La actual expansión de monocultivos de árboles no es algo que haya ocurrido casualmente, porque se le ocurrió a algunos gobiernos. Por el contrario, es el resultado del accionar de un conjunto de actores que se plantearon promover tales plantaciones.

En la década de 1950 la FAO se constituye en el organismo ideólogo del modelo de monocultivos de eucaliptos y pinos en gran escala (como parte de la llamada Revolución Verde promovida por ese organismo) en territorios de países del Sur, como respuesta a las necesidades de grandes empresas industriales que estaban agotando sus fuentes tradicionales de materia prima.

En las décadas siguientes entran a tallar una serie de actores – Banco Mundial, FMI, BID, Banco Asiático de Desarrollo, procesos de Naciones Unidas sobre bosques (IPF, IFF, UNFF), agencias bilaterales como GTZ y JICA, empresas consultoras como Jaakko Poyry- que aportan argumentos, conocimientos técnicos, investigaciones y financiamiento para convencer a los gobiernos de las bondades del modelo. El modelo forestal fue cobrando cada vez mayor fuerza a medida que se fue forjando un voraz mercado consumidor –alentado por la propia industria- hasta lograr la enorme expansión actual.

Como resultado de esas influencias externas, los gobiernos del Sur terminaron conformando políticas de Estado de promoción de las plantaciones forestales, ya definidas y en gran medida calcadas –con leves variantes- en la mayoría de los países, teniendo como destino los mercados de exportación: la industria de cosméticos y recientemente los agrocombustibles para la palma aceitera, la madera y celulosa para los pinos, la industria de celulosa y papel para eucaliptos, el caucho para la industria automotriz.

Según las condiciones de cada país, las políticas de Estado adoptaron diversas formas de promoción, desde subsidios directos e indirectos (tales como exoneraciones de impuestos, reintegro parcial del costo de plantación, créditos blandos a largo plazo, desgravación de impuestos a la importación de maquinarias y vehículos, construcción de infraestructura, igualdad de beneficios para inversiones del exterior, investigación), hasta concesiones de tierras boscosas.

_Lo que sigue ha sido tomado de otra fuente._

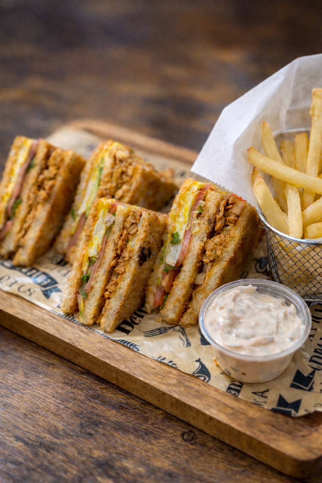 Three layers of toasted bread loaded with chopped chicken steak, melted cheese, fried eggs, crisp cucumbers, tomatoes, pickled jalapeños, and our signature sauce. Stacked high, saucy, and seriously satisfying — served with fries and coleslaw.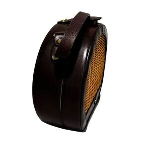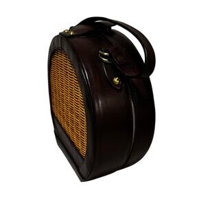 RARE Etienne Aigner 1970's 2-way bag works as a satchel or crossbody - done in wicker & dark reddish-brown leather. Fantastic as a summertime casual purse - this bag is clearly hallmarked and includes a large central compartment, natural rattan and brass hardware. Snaps closed - removable shoulder strap. In good overall condition with some scuffs on the leather (see pics) but no significant damage or flaws - so cute and from a desirable / collectible brand.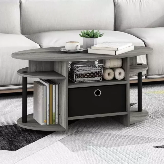 What sets this coffee table apart is its commitment to sustainability without compromising on style. The use of recycled materials in its construction not only makes it an eco-friendly choice but also ensures it’s robust and long-lasting. Additionally, its unique oval shape and integrated storage solutions make it a standout piece that combines elegance with practicality.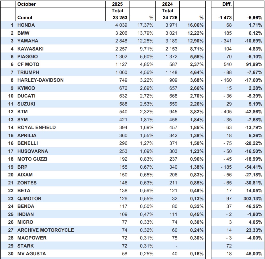 Na tien maanden klokt de markt af op 23.253 nieuw ingeschreven motorfietsen, scooters, driewielers en lichte vierwielers, een daling van -6% tegenover 2024.

Los subsidios directos fueron instrumentales en países tales como Chile y Uruguay, mientras que la concesión de zonas de bosque con usufructo comercial de la madera y posterior conversión a plantaciones fue el principal mecanismo de promoción en Indonesia y Malasia/Borneo.

Al mismo tiempo, los estados se hicieron responsables de asegurar –sin costo para las empresas- el control social y, siempre que fuera necesaria, la represión de la oposición local. En la mayoría de los casos la represión forma parte de la “promoción”, tanto para asegurar el desalojo de comunidades campesinas e indígenas para traspasar sus tierras a las empresas en los casos de concesión –como ocurrió en Indonesia, Colombia, Papua Nueva Guinea, Swazilandia, Sudáfrica–, como para garantizar la estabilidad de la propiedad en manos de grandes empresas nacionales y extranjeras en los casos de venta de tierras.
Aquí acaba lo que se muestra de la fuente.